Nel libro di memorie di Pascal Remy, _L'inspecteur se met à table_, c'è una frase in cui l'autore usa il futuro anteriore francese (_futur antérieur_):

"_Mon experiénce à _GaultMillau_, sous l'excellente tutelle du neveu d'Henri Gault,_ _*aura duré*_ _trois ans. On m'avait confié des enquêtes régionales dans un premier temps, puis l'encart régional Alsace-Lorraine dans un deuxième temps._"

Secondo quanto ho letto in diverse grammatiche, il _futur antérieur_ è spesso usato per sottolineare la natura peculiare di un dato evento del passato, riassumendolo nello stesso tempo. (Per esempio : "Cette année aura été fatale pour l'économie du pays".)

Non penso che il futuro anteriore italiano venga usato nello stesso modo di quello francese e per questo vorrei sapere come si tradurrebbe in italiano il _futur antérieur_ della frase citata sopra ("mon expérience aura duré trois ans").

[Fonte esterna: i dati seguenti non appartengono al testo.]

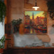 uma bela pintura, ao estilo de van Gogh, das casas de canal e barcos domésticos em Amsterdã
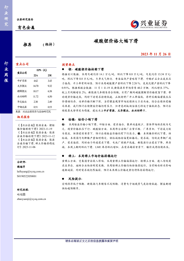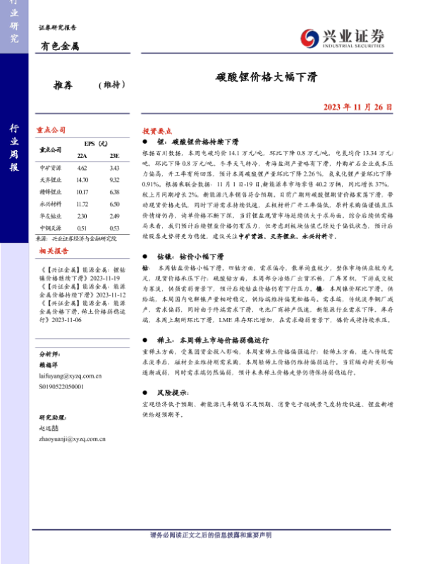 【兴业证券】【20231126】20231126-兴业证券-有色金属行业周报:碳酸锂价格大幅下滑-18页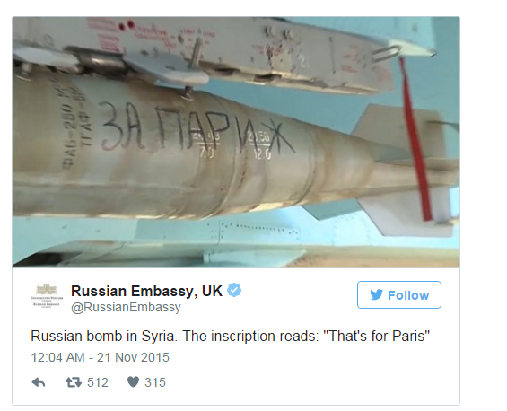 ทหารอากาศรัสเซียได้สลักข้อความว่า "Russian bomb in Syria. The inscription reads: "That's for Paris" ลูกนี้สำหรับปารีส" ซึ่งคาดว่าระเบิดลูกนี้ จะใช้ถล่มกลุ่มไอเอสในประเทศซีเรีย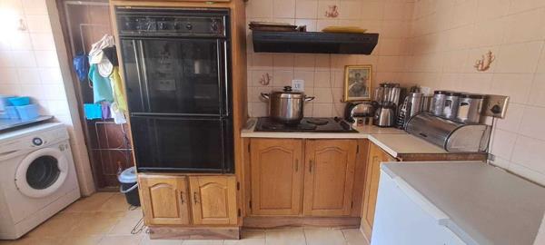 The home includes a tiled lounge with a cosy bar nook, a dining room currently used as a TV room, and a well-appointed kitchen with double eye-level oven, electric hob with extractor, and space for a front-loader washing machine. A linen cupboard adds extra storage convenience.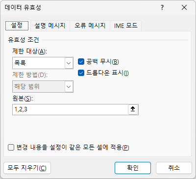 사용자가 부서를 선택할 수 있도록 드롭다운 메뉴(데이터 유효성 검사)를 만들어줍니다. 예를 들어 셀 E2에 “1:영업팀, 2:기획팀, 3:총무팀”을 선택하도록 설정합니다.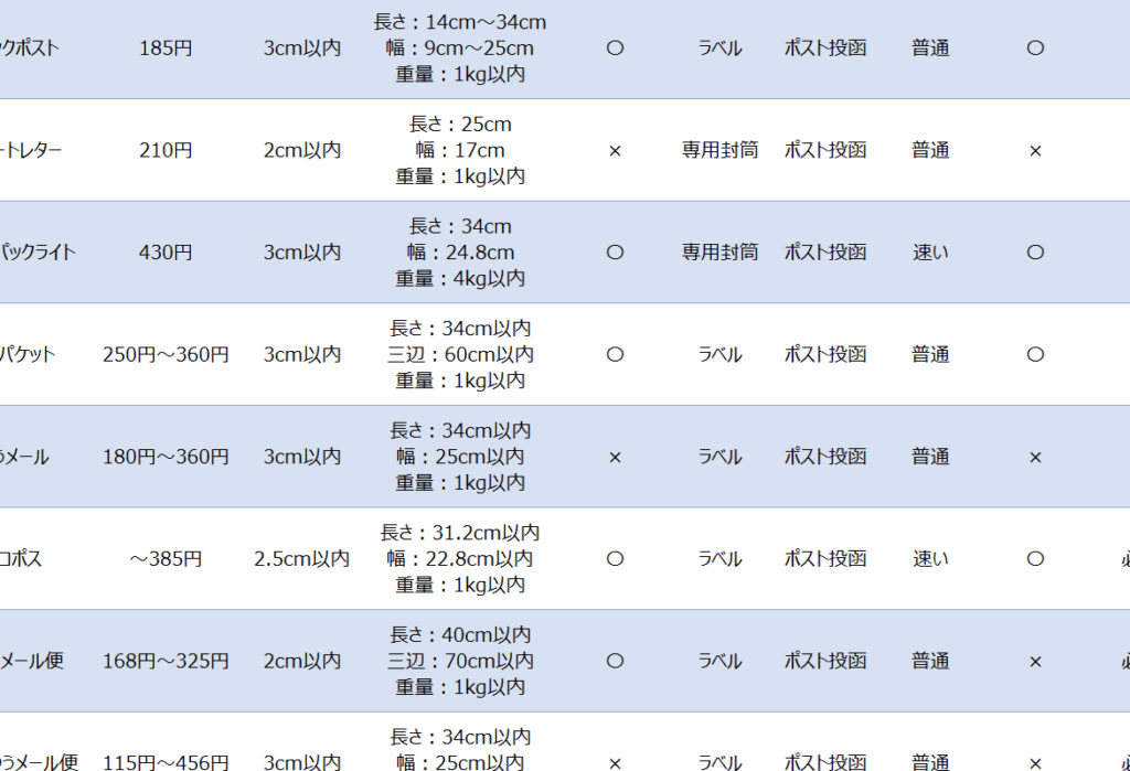 各サイズごとに料金が異なるため、発送する荷物の重量に注意が必要です。

Questa frase mi fa impazzire, spero dunque che qualcuno mi possa aiutare a interpretarla correttamente... Magari c'è qualcuno che possiede il libro in traduzione italiana?

Grazie


----------



## Corsicum

duchevreuil said:


> "_Mon experiénce __*aura duré*_ _trois ans. _"Cette année aura été fatale pour l'économie du pays


Une tentative simpliste dans l’attente d’avis de connaisseurs. Ne connaissant pas l’Italien, pour ce contexte précis détaillé, je ne comprend pas la différence avec le Français...à fortiori avec d'autres langues Italo Romanes ?... des erreurs sont donc très probables : 
_La mia esperienza _*avrà*_ *durato* tre anni / La mia esperienza *avrà* *durato* in tutto tre anni._
_Questo anno *sarà stato* disastroso per l'economia_


----------



## Necsus

Mah, per quel poco che ne so, non ci dovrebbero essere grandi differenze tra francese e italiano nell'uso del futuro anteriore, vi si ricorre per indicare il "passato nel futuro", cioè un fatto futuro anteriore rispetto a un altro fatto pure futuro. Oppure, e questo potrebbe forse essere il caso della tua frase, indica una supposizione, un dubbio, una deduzione (saranno state le dieci, quando siamo usciti).



Corsicum said:


> _La mia esperienza *sarà **durata* in tutto tre anni._


----------



## nestore

Concordo!


----------



## duchevreuil

Grazie a tutti voi che avete risposto !


----------



## L'equilibrista

Vai tranquillo col futuro anteriore anche in italiano.


----------



## duchevreuil

L'equilibrista said:


> Vai tranquillo col futuro anteriore anche in italiano.


 
Spero di sì... Grazie !


----------